Implementation of a one-stage Face Parsing model using Unet architecture.
The face is divided into 10 classes (background, eyes, nose, lips, ear, hair, teeth, eyebrows, general face, beard).
This results in regions of interest that are difficult to segment. We address this problem by implementing different loss functions:
- Tversky focal loss
- Weighted Cross entropy
- α-balanced focal loss
The latter leads to a better accuracy of 0.90 (IOU-train) and 0.72 (IOU-test) for the non fine-tuned model, with a Unet-16 driven on 1 gpu.

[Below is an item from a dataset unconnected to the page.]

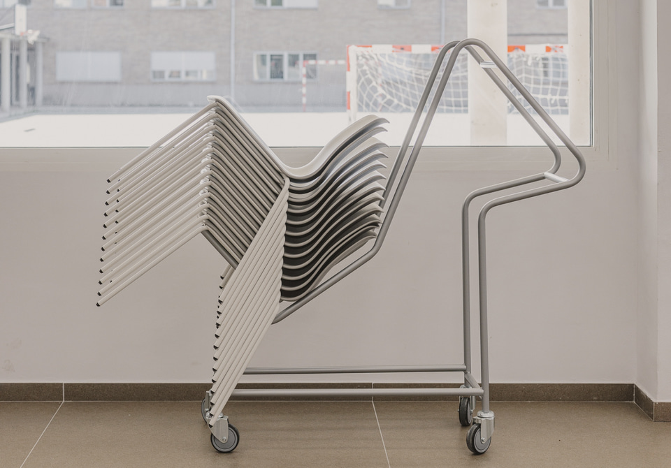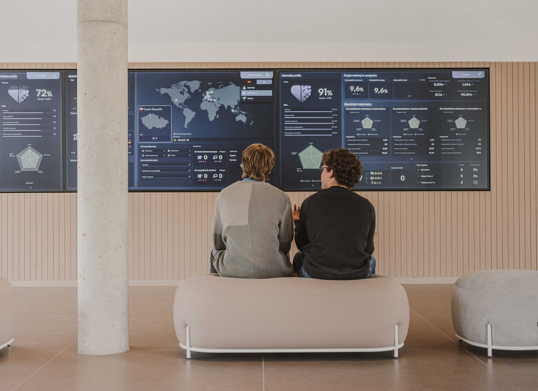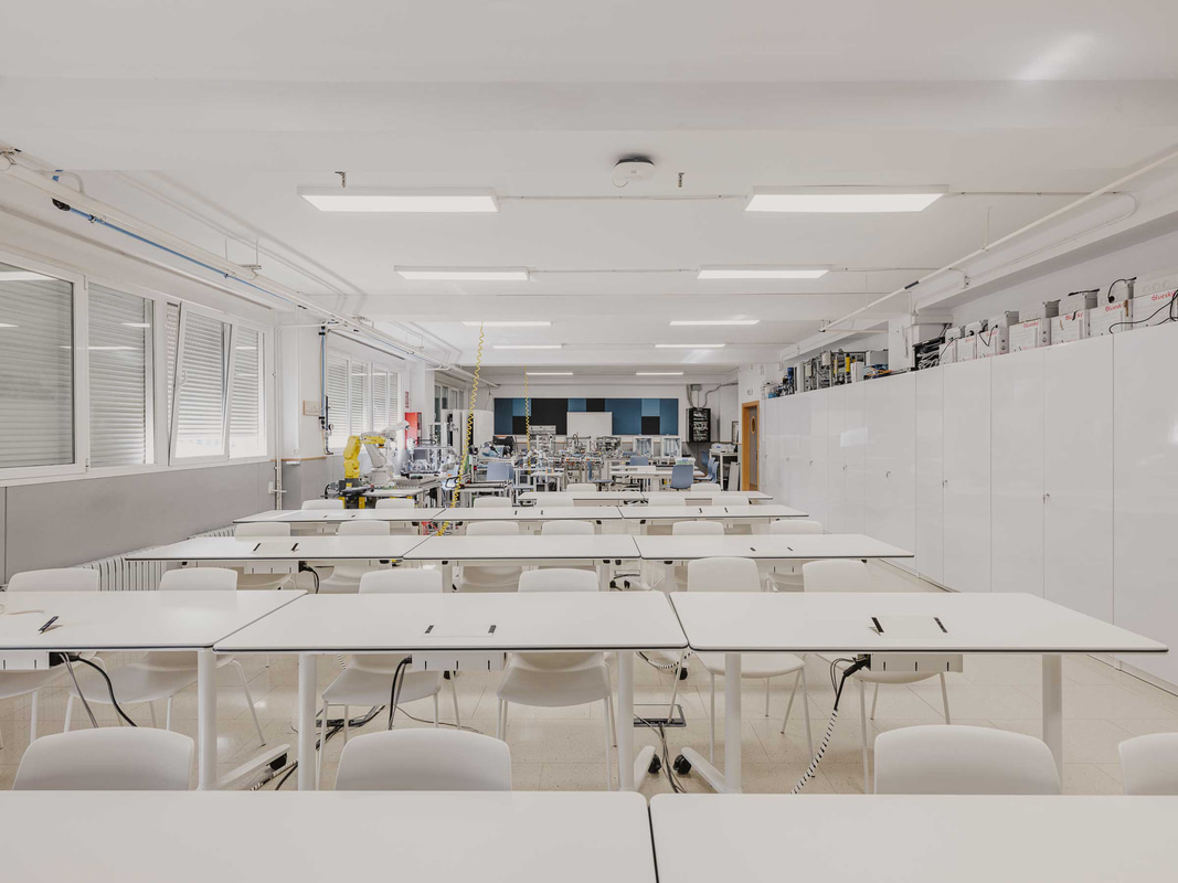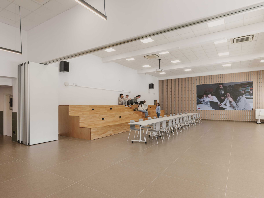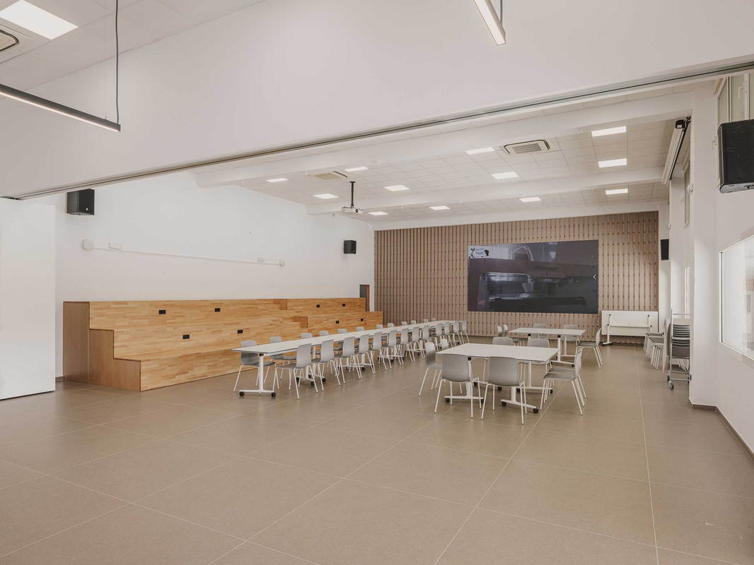 In der Studentenlounge wird die Flexibilität auf eine andere Ebene gehoben: leichte, mobile Tische, Klappstühle, dynamische Tribünen und eine große Projektionsfläche ermöglichen es, den Raum in Sekundenschnelle von einer Roboterwerkstatt in einen Ausstellungsbereich oder einen Raum zu verwandeln, in dem man an einem regnerischen Tag einfach nur Karten spielen kann.

Language version : Python 3.7.6
Operating System : MacOS Catalina 10.15.4
# use a virtual-env to keep your packages unchanged >> pip install -r requirements.txt
Train the model:
# Train the model >> ./main.py
from src.model import Unet from src.framework import Context img = "./img_relative_path.png" # load model model = torch.load("my_model.pt", map_location=torch.device('cpu')) # create context ctx = Context() # predict yhat = ctx.predict(model, img, plot=True)
- Mut1ny Face/head dataset
- U-Net: Convolutional Networks for Biomedical Image Segmentation Olaf Ronneberger, Philipp Fischer, and Thomas Brox. Tech report, arXiv, May 2015.
- A novel Focal Tversky loss function with improved Attention U-Net for lesion segmentation Abraham, Nabila and Khan, Naimul Mefraz. Tech report, arXiv, Oct 2018.
- Focal Loss for Dense Object Detection Tsung-Yi Lin, Priya Goyal, Ross Girshick, Kaiming He, Piotr Dollár. Tech report, arXiv, Feb 2018.